# Record extracts
☆ ☆ ☆

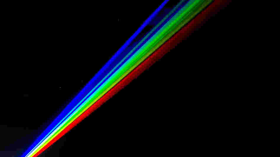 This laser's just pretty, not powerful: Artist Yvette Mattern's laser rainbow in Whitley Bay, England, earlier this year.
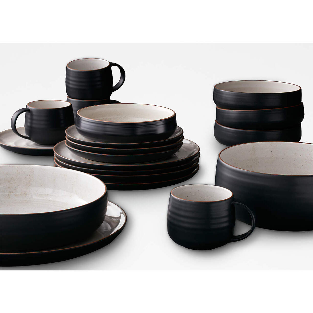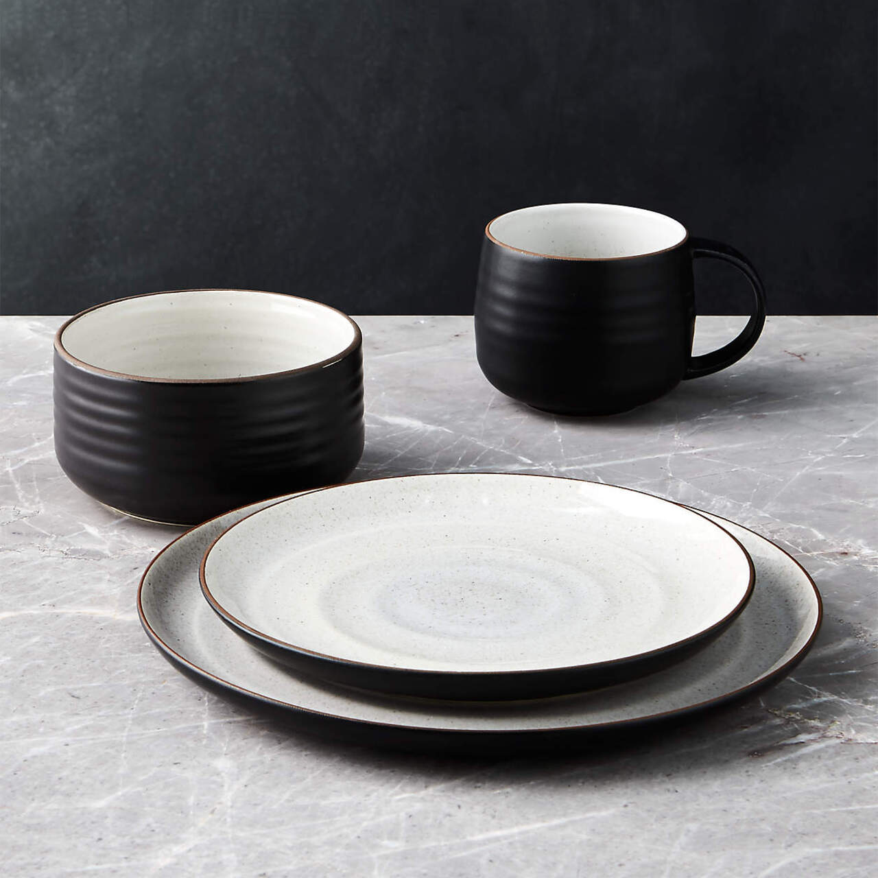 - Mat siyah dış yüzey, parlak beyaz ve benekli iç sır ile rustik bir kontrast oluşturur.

☆ ☆ ☆

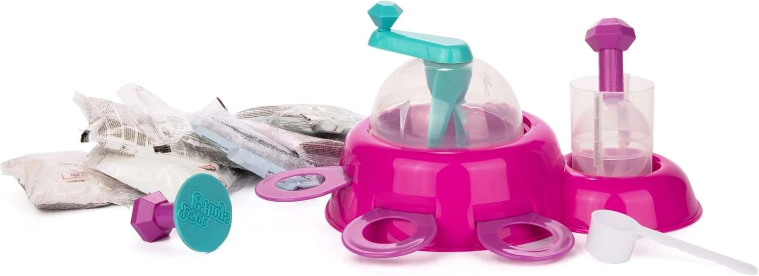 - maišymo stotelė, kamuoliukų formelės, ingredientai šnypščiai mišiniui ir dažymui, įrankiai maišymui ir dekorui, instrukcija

☆ ☆ ☆

# Task description
Only one part of the material above is wanted: the lines from the one with "This laser's just" up to and including the one with "- Mat siyah". Please copy them exactly, pictures left out.

# Output of the exercise
 This laser's just pretty, not powerful: Artist Yvette Mattern's laser rainbow in Whitley Bay, England, earlier this year.
 - Mat siyah dış yüzey, parlak beyaz ve benekli iç sır ile rustik bir kontrast oluşturur.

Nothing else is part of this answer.